Segunda leitura

Fusion center, um passo decisivo no avanço da segurança pública

Autores

  • Vladimir Passos de Freitas

    é professor de Direito no PPGD (mestrado/doutorado) da Pontifícia Universidade Católica do Paraná pós-doutor pela FSP/USP mestre e doutor em Direito pela UFPR desembargador federal aposentado ex-presidente do Tribunal Regional Federal da 4ª Região. Foi secretário Nacional de Justiça promotor de Justiça em SP e PR e presidente da International Association for Courts Administration (Iaca) da Associação dos Juízes Federais do Brasil (Ajufe) e do Instituto Brasileiro de Administração do Sistema Judiciário (Ibrajus).

  • Wagner Mesquita de Oliveira

    é delegado de Polícia Federal ex-secretário estadual da Segurança Pública do Paraná e coordenador geral de Combate ao Crime Organizado no Ministério da Justiça.

5 de janeiro de 2020, 10h22

Spacca
As Organizações Criminosas tiveram acentuado desenvolvimento nos últimos anos, valendo-se do processo de globalização e da utilização de recursos logísticos modernos, meios de comunicação protegidos e articulação rápida, somados à ineficácia do Estado no seu combate, principalmente em nível preventivo e estratégico. Tais fatos chegaram a dar-lhes um papel preponderante, por vezes sobrepondo-se à própria força estatal.

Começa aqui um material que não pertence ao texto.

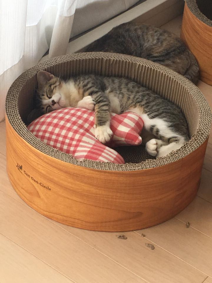 爪研ぎのガリガリサークルに余裕で収まっていたのに、今ではピッタリサイズになってる。

No Brasil a segurança pública é atribuição dos três entes federativos (União, Estados e Municípios), disto resultando a existência de dezenas de órgãos policiais, além das forças militares e outros órgãos federais e estaduais estratégicos envolvidos (v. g., Receita Federal).

A partilha de poder não é privilégio do Brasil, sendo mais acentuada nos estados federais, como a Argentina. Neste particular, a experiência internacional tem mostrado que a forma mais eficaz de promover a coleta, análise e divulgação de informações relevantes, o compartilhamento de meios de investigação e a coordenação de ações e operações entre várias instituições de segurança é a adoção de unidades de operações integradas. Trata-se dos Centros Integrados de Operações de Fronteira, mais conhecidos como fusion centers.

Nestes órgãos de integração, utilizando ferramentas tecnológicas e ambiente adequado, oficiais de ligação de diferentes órgãos e instituições, através de rotinas previamente estabelecidas e obedecendo protocolos de trabalho específicos, analisam e produzem conhecimento no interesse coletivo e de cada uma das agências participantes.

Nos EUA são nada menos do que 78, valendo citar, como exemplo de sucesso, o “EPIC – El Paso Intelligence Center”, administrado pela agência federal antidrogas norte-americana (DEA – Drug Enforcement Administration). O EPIC congrega oficiais de ligação de 24 instituições e de diversos países, gerando ações operacionais, estratégicas, preventivas e repressivas em relação ao tráfico de drogas e lavagem de dinheiro, assim como presta cooperação direta a investigações e levantamentos de órgãos policiais no EUA e outros países interligados, mediante protocolos de comunicação e rotinas de difusão. A constituição e o funcionamento destes órgãos são normatizados pelo Departamento de Justiça do Governo Federal, através do DHS – US Department of Homeland Security.1

No caso dos fusion centers, os usuários são órgãos policiais e de aplicação da lei de quaisquer esferas de governo, organismos internacionais, órgãos de fiscalização e controle. Sua atividade segue protocolos estabelecidos interagências, visando à consecução do fim especifico mediante Acordos de Cooperação Técnica.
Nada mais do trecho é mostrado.